Hubspot evaluates the information collected (e.g. IP address, geographical location, type of browser, duration of the visit and pages accessed) on behalf of collectAI to generate reports on the visit and the pages visited by collectAI. If collectAI email news is subscribed to and studies and other documents are obtained, we can also use Hubspot to link a user’s visits to collectAI websites with personal details (in particular name/email address) on the basis of consent given, thus recording them on a personal basis and informing users individually and in a targeted manner about preferred topics.

If you generally do not want Hubspot to collect data, you can prevent the storage of cookies at any time by changing your browser settings accordingly. You can also object to data processing. To object or to withdraw your consent, please use the form at the following link: https://privacyportal.onetrust.com/webform/9fd092df-0b2a-4194-89f1-820b83267af4/13da1ce4-8542-4d34-a84c-379495aa666c. For more information, visit https://legal.hubspot.com/privacy-policy.

LinkedIn plugin

Our website uses functionalities of the LinkedIn social network. The provider is LinkedIn Ireland Unlimited Company, Wilton Plaza, Wilton Place, Dublin 2, Ireland (hereinafter: LinkedIn).

Each time one of our pages containing LinkedIn functionalities is accessed, a connection to LinkedIn’s servers is established. LinkedIn is informed that you have visited our website with your IP address. If you click on the LinkedIn “Recommend” button and are logged into your LinkedIn account, LinkedIn is able to associate your visit to our website with you and your user account. We would like to point out that, as the provider of the websites, we have no knowledge of the content of the transmitted data or its use by LinkedIn.

The use of the LinkedIn plugin is based on art. 6(1)(a) GDPR, with your consent, which you have given to the service provider.

We use the integrated analysis platform “LinkedIn Analytics” to analyse our advertising campaigns on the pages of the social media service LinkedIn. Using this platform, we can analyse visitor data (e.g. number of visitors, number of new visitors and followers) and performance data and use it to optimize our advertising campaigns and become more relevant to our target group. Further information on this can be found in LinkedIn’s privacy policy at:https://www.linkedin.com/legal/privacy-policy.

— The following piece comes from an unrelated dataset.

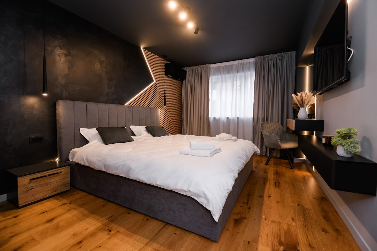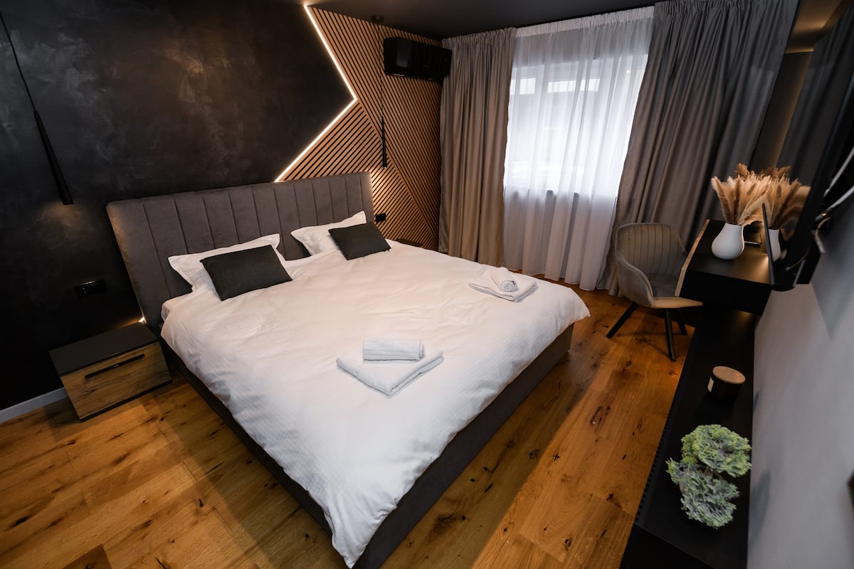 PNT Apartment - Eleganță și Confort în Inima Alba Iuliei Descoperiți rafinamentul la PNT Apartment, situat la 10 min de mers pe jos de Cetatea Alba Iulia. Spațiul modern și confortabil, dormitorul Super King, baia elegantă și bucătăria funcțională vă oferă o experiență de neuitat. WiFi rapid, parcare privată și acces facil la atracțiile locale fac acest apartament locul ideal pentru explorarea Transilvaniei. Rezervați acum pentru o ședere plină de eleganță și relaxare!

When using this service, data may be transferred to third countries outside the EU; this is done in accordance with the above information on transfer to third countries.

Linkedin Insights

Our website uses the “LinkedIn Insight Tag” conversion tool by LinkedIn Ireland Unlimited Company, Wilton Plaza, Wilton Place, Dublin 2, Ireland. This tool stores a cookie in your web browser that enables the collection of the following data, among others: IP address, device and browser properties and page events (e.g. page views). This data is encrypted, anonymised within seven days, and the anonymised data is deleted within 90 days. LinkedIn does not share any personal data with us, but provides anonymised reports on website audience and ad performance. LinkedIn also allows us to place retargeting ads via the Insight Tag. The controller can use this data to display targeted advertising outside its website without identifying you as a website visitor. You can find more information on data protection at LinkedIn in the LinkedIn privacy notice.

Your data will be processed with your consent in accordance with art. 6(1)(a) GDPR.

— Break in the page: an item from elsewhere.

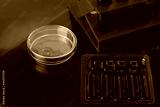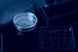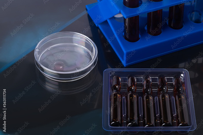 laboratory blood tests and the creation of an untested vaccine, a concept on a dark background

LinkedIn members can control the use of their personal data for advertising purposes in their account settings. To deactivate the Insight tag on our website, please change this in the cookie settings.

Adjustment and revocation of your cookie consent:

You can adjust your cookie settings here at any time or revoke your consent for certain cookies.

Status of this privacy policy

December 2023

We reserve the right to amend this privacy policy at any time with effect for the future.